Мы разошлись, а я еще какое-то время – не думал, нет, пытался понять, что это за чувство возникло у меня при разговоре. Как будто кто пальцем погрозил мне издалека, подмигнул: берегись, мол… Я мотнул головой. Ерунда какая!

Я попытался сделать то, что делал обычно в таких случаях, когда надо было отвязаться от какого-то противного чувства. Я «вышагивал» его. Километр, два, три – сколько надо, пока оно не пройдет. Кажется, в тот вечер я отшагал по набережной и бульварам километров десять. Но противное чувство не проходило, хоть режь.

Когда я вернулся, жены еще не было. Я прошелся по комнатам: мать была у себя, читала, сын вроде бы спал. Взглянул на часы: поздновато. Собрался уже снова выйти на улицу, встретить ее, что ли, но тут она пришла.

– Привет! – чмокнула в щеку и пошла положить сумку в комнату. Она как будто и не удивилась, что я вышел из своего многодневного затворничества.

Я пошел на кухню заварить свой чай, она минут через пять пришла тоже. Заглянула в холодильник.

– Как ты? – спросила она все-таки, но как-то рассеянно. – Как поработал?

– Нормально. Завтра на занятия. А ты где так долго?

– Я же звонила твоей матери, – сказала она совершенно спокойно, даже очень спокойно, – она что, не сказала? Как всегда. У нас репетиции перед экзаменами одна за другой. Умолили меня остаться, как тут откажешь.

Она сделала себе какой-то бутерброд, предложила и мне, но я не захотел. Мы выпили чаю. Молча, но у нас это бывает – особенно если я выхожу на кухню ненадолго во время работы. Говорят, мне в такие моменты задают вопросы, я на них даже отвечаю, иногда связно, иногда совсем невпопад, но потом спроси меня, о чем говорили, – не вспомню. Когда-то на это сердилась мать, потом жена, а потом стало ясно, что сердись не сердись – исход один. Привыкли.

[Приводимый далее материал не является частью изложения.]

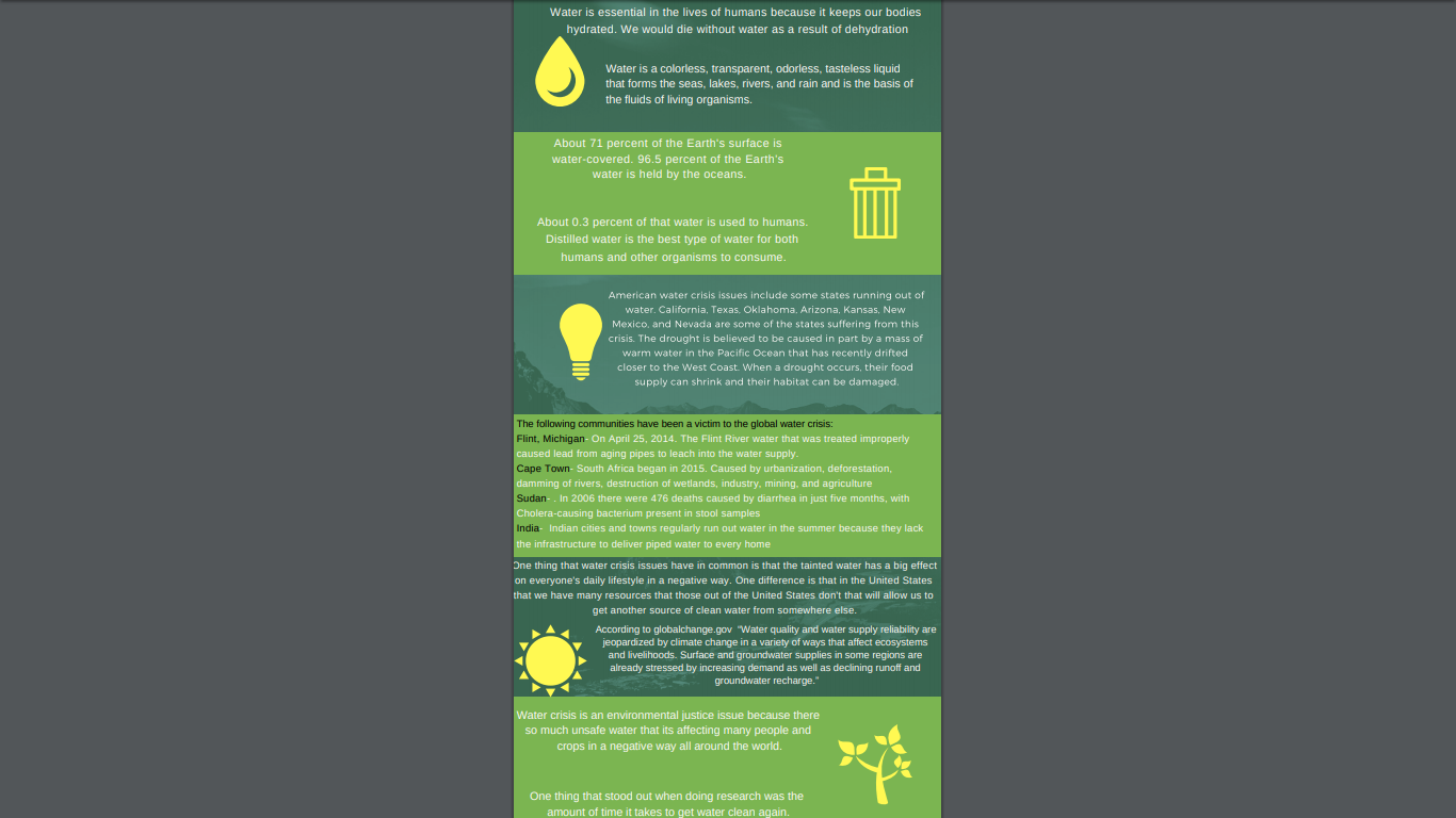 This is our info graphic which we talked about the issues surrounding water around the world.

Но сейчас молчание было какое-то другое – не потому, что жена не надеялась на ответ, я это видел. Нет, молчала она, именно она, потому что была погружена в себя, совсем как я в те самые минуты, когда ко мне обращаются, а я не слышу. Но она не писала музыки. Я смотрел на нее. По лицу жены прошла легкая волна. Улыбка? Ну слава богу. Выглядела она, кстати, прекрасно, новый шарфик какой-то.

– У тебя всё в порядке?

Она вернулась ко мне взглядом. Вопрос ее то ли удивил, то ли смутил.

– Конечно! А что может быть не в порядке?

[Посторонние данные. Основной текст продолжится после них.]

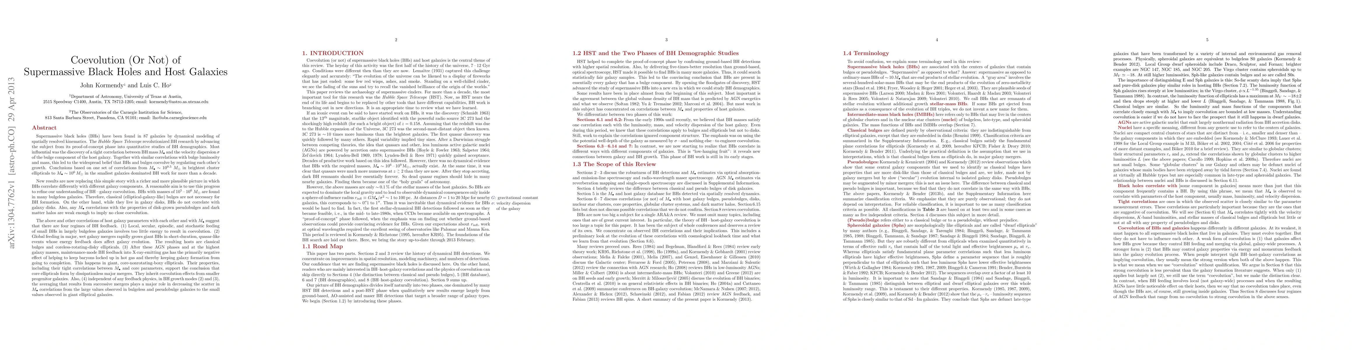 We review the observed demographics and inferred evolution of supermassive black holes (BHs) found by dynamical modeling of spatially resolved kinematics. Most influential was the discovery of a tight correlation between BH mass and the velocity dispersion of the host-galaxy bulge. It and other correlations led to the belief that BHs and bulges coevolve by regulating each other's growth. New results are now replacing this simple story with a richer and more plausible picture in which BHs correlate differently with different galaxy components. BHs are found in pure-disk galaxies, so classical (elliptical-galaxy-like) bulges are not necessary to grow BHs. But BHs do not correlate with galaxy disks. And any correlations with disk-grown pseudobulges or halo dark matter are so weak as to imply no close coevolution. We suggest that there are four regimes of BH feedback. 1- Local, stochastic feeding of small BHs in mainly bulgeless galaxies involves too little energy to result in coevolution. 2- Global feeding in major, wet galaxy mergers grows giant BHs in short, quasar-like "AGN" events whose feedback does affect galaxies. This makes classical bulges and coreless-rotating ellipticals. 3- At the highest BH masses, maintenance-mode feedback into X-ray gas has the negative effect of helping to keep baryons locked up in hot gas. This happens in giant, core-nonrotating ellipticals. They inherit coevolution magic from smaller progenitors. 4- Independent of any feedback physics, the averaging that results from successive mergers helps to engineer tight BH correlations.

А что странного в моем вопросе, хотел я спросить. Подумал – и не стал спрашивать.

– Я к себе, – сказал я. – Ты придешь?



Она потянулась, встала, отнесла чашку в раковину.

– Устала ужасно. Пойду спать, а? Мне завтра рано на работу.

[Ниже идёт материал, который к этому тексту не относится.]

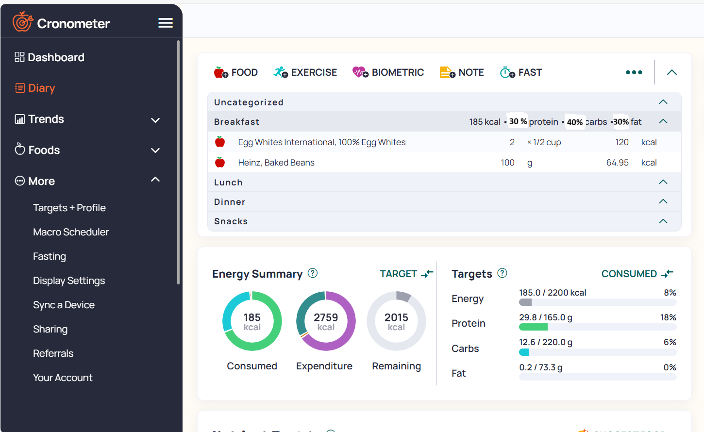 Is there a way to display macros in percentages for every meal? I need to know what percent of the calories in each meal is from carbs, what percent is from fat, what percent is from protein. Image 1 shows what Chronometer actually displays and image 2 is what I need. I want to keep each meal and snack in the percentages of 40% calories from carbs, 30% from protein, 30% from fat.

Я пожал плечами. Она ушла к себе.

Мы не спали вместе. Нет, это надо пояснить: у нас не было общей постели, у каждого была своя, в своей комнате. Так завелось с самого начала. Именно завелось, никто ни о чем не договаривался, никто никого ни о чем не спрашивал. Благо квартира позволяла. У меня в кабинете был уже узенький топчанчик, жене мы купили такую же узкую кровать и поставили в ее комнате. Представить себе какое-то двуспальное ложе я не мог, до того мне это казалось пошлым, жена же вопросов не задавала, приняла как должное. И так все было ясно: я работаю ночами, какой уж тут совместный сон? Поэтому и ночей, общих ночей у нас не было, у каждого они были свои. А как же, спросите вы… Ну конечно, конечно, и даже очень. Но для этого не нужна общая кровать, сойдут и две узкие, по очереди. Потом мы расходились, каждый к себе. Говорят, это сохраняет чувства. Кто говорит? Да вот хотя бы секретарша на кафедре.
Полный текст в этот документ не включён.